Monthly Archives: August 2014

Visualizing Text Spaces

3D_matrix_analysis_Image

For the DH2014 conference in Lausanne, Switzerland I prepared an interactive visualization of the small corpus of seventeenth-century French plays I had analyzed using Raymond Queneau’s matrix analysis of language. The visualization shows that Queneau’s matrix analysis can distinguish verse from prose fairly well by syntax alone, without any direct measurement of meter, rhyme or word choice.

There were some limitations with that initial visualization, however. First, it assumes that a text is either verse or prose when many texts are mixed. It should be possible to account for a spectrum of texts varying from exclusively prose to exclusively text, with most somewhere in-between. Second, with 72 texts it represents a relatively small sample of data. A much larger set (631 texts) is available. Third, while text type (verse or prose) is the dominant signal in the corpus, it should be possible to observe if other parameters such as author or date determine a text’s relationship to other texts in the corpus.

I have created a visualization that attempts to overcome these limitations. Using WebGL and Shiny, the visualization offers an interactive three-dimensional representation that combines three biplots for three principal components. Please see my earlier post where I explain how matrix analysis works and how I represent it with “triplots”.

Instead of using a binary color scheme to indicate prose or verse, I have calculated a percentage of verse in each text, with blue representing verse and red representing prose. Mixed texts appear as various shades of violet. As one would expect, the texts represented by violet spheres inhabit a zone between red (prose) and blue (verse) spheres. This suggests that although prose and verse texts do separate largely according to their syntax, there is a continuum from one to the other.

Although text type (prose/verse) remains the strongest signal in matrix analysis, the texts by some authors do tend to cluster in the visualization. One can search for texts by Pierre Corneille and observe a predominance of PF and SF. Texts by Molière exhibit a relative paucity of FF and BF. The five plays by Jean-Jacques Rousseau, however, are dispersed in the visualization and suggest a varied syntax in his play-writing.

Apart from the fact that most plays written before 1690 are in verse, it is difficult to see correlations between dates and text types. Further exploration may reveal correlations, however.

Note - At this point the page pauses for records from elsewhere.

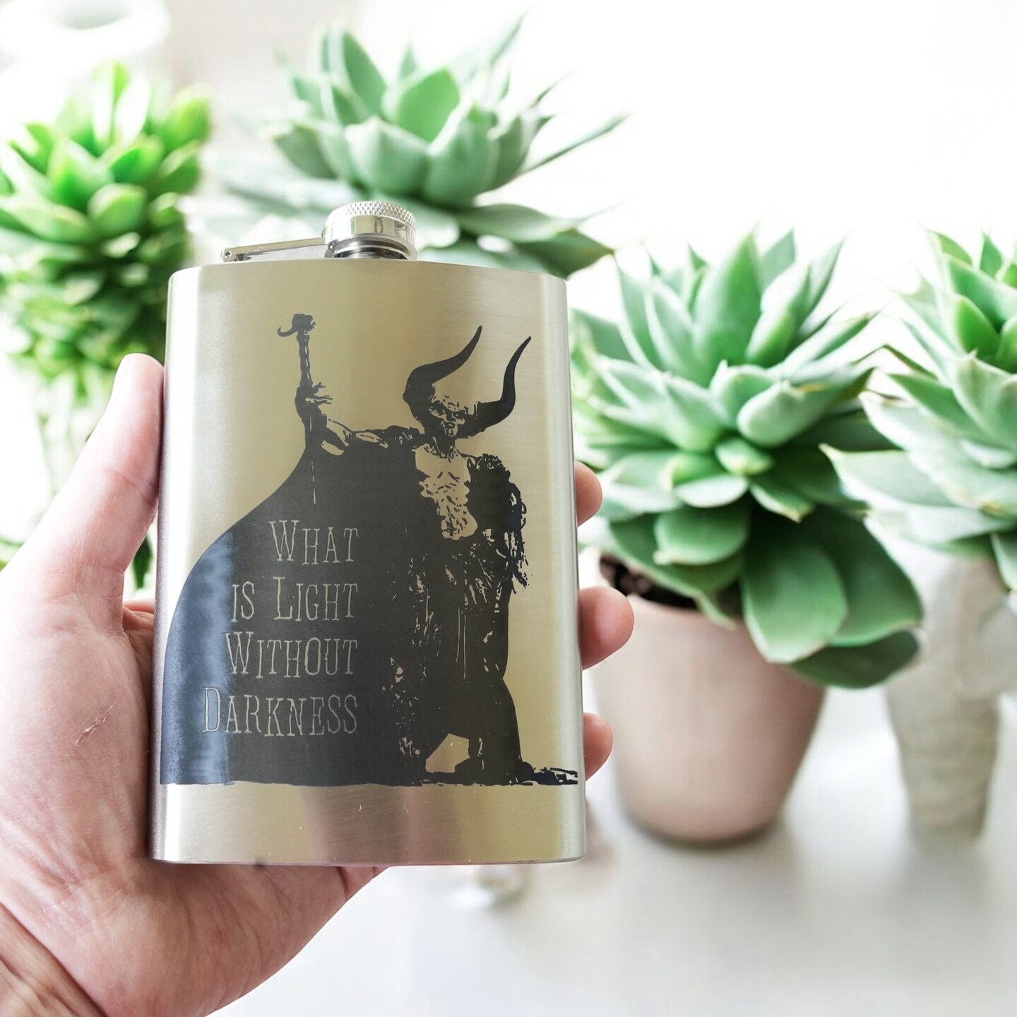 8oz What Is Light Without Darkness Stainless Steel Flask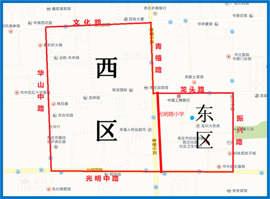 东至振兴路,南至光明路,西至华山路,北至文化路沿青檀路至龙头路。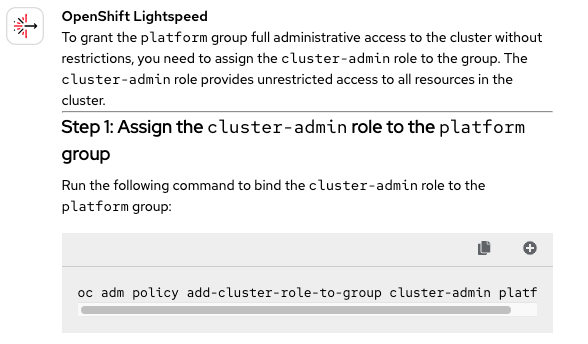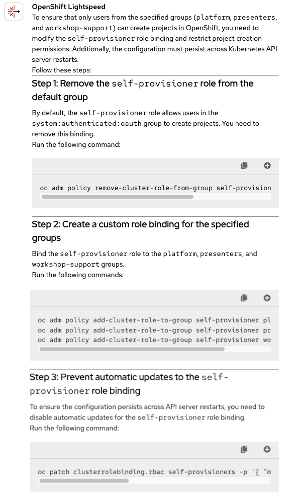In this case, let’s divide the response in three parts. First, OpenShift Lightspeed gives us a command to remove the self-provisioner cluster role for all users. This procedure is correct. However, OpenShift Lightspeed suggests removing the role from the system:authenticated group, making the command fail when executed. The group we are looking for to remove the role from should be system:authenticated:oauth. Quite similar, but not the same. However, it’s worth noting that the text generated by OpenShift Lightspeed mentions that we need to remove the binding from the system:authenticated:oauth group, even if the command states the group incorrectly.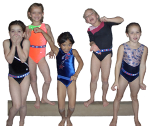 | The multi colored elastic belts are warn around the waists of the girls, with a different color for each skill level. They will provice a professional looking appearance for each of your groups. It is so professional to look out over the gym and see the different levels of students in their groups.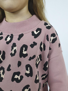 Футер 3-х нитка: 70% х/б,30% п/э. Джемпер-прямого силуэта,спущенное плечо.Рукав на манжете из ластика.Низ изделия на поясе из ластика с разрезом сзади.В горловине стойка из ластика.Печать на переде. Брюки-длинные,расширены к низу.Вверху притачной пояс из ластика с резинкой.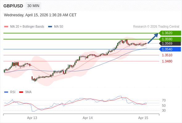 在 1.3540 之上,看涨,目标价位为 1.3590 ,然后为 1.3620 。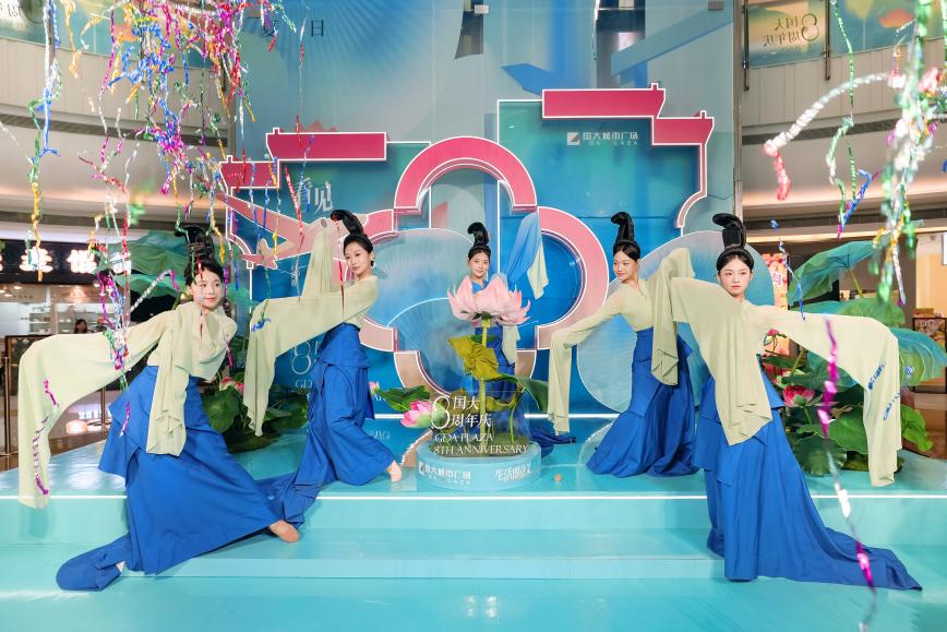 慶典現(xiàn)場精彩紛呈:《只此青綠》舞蹈詩劇以水袖流轉再現(xiàn)宋畫神韻;國風Live以箏鼓和鳴喚醒千年文化記憶;「夏日貨郎圖」劇場互動則讓顧客沉浸于宋韻的煙火氣息中。藝術與生活的邊界在此消弭,國大用八年時間證明:商業(yè)空間不僅是消費場所,更是城市文化的孵化器。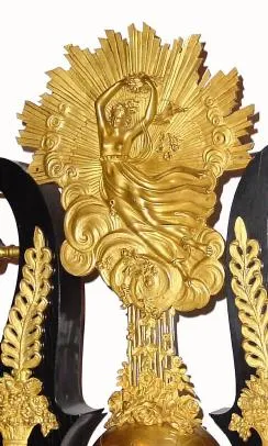 C.1840, French, Lyre Form Pendule, the pinwheel movement contained within the ?bob? of the pendulum, which emulates the appearance of a globe.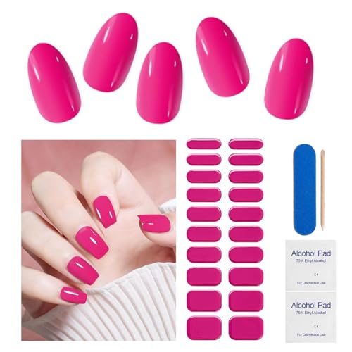 EnixwH Lot de 22 Bandes Autocollant Ongle Gel UV, Stickers Ongles, Ongles en Gel UV Semi Durci, Autocollants Complets pour Ongles UV/LED Lamp Required Bandes D'Ongles en Gel Durci (Rose)

By experimenting with visualizing these data, I have found that three-dimensional images with meaningful chromatics allow for effective interaction with a fairly complex set of textual data. Corpora appear as spaces where distances between textual objects depend on how one defines relationships between the objects. One could imagine other bases for constructing spaces of texts, such as semantics, phonology, geography (not necessarily determined by a preexisting map), and thematics.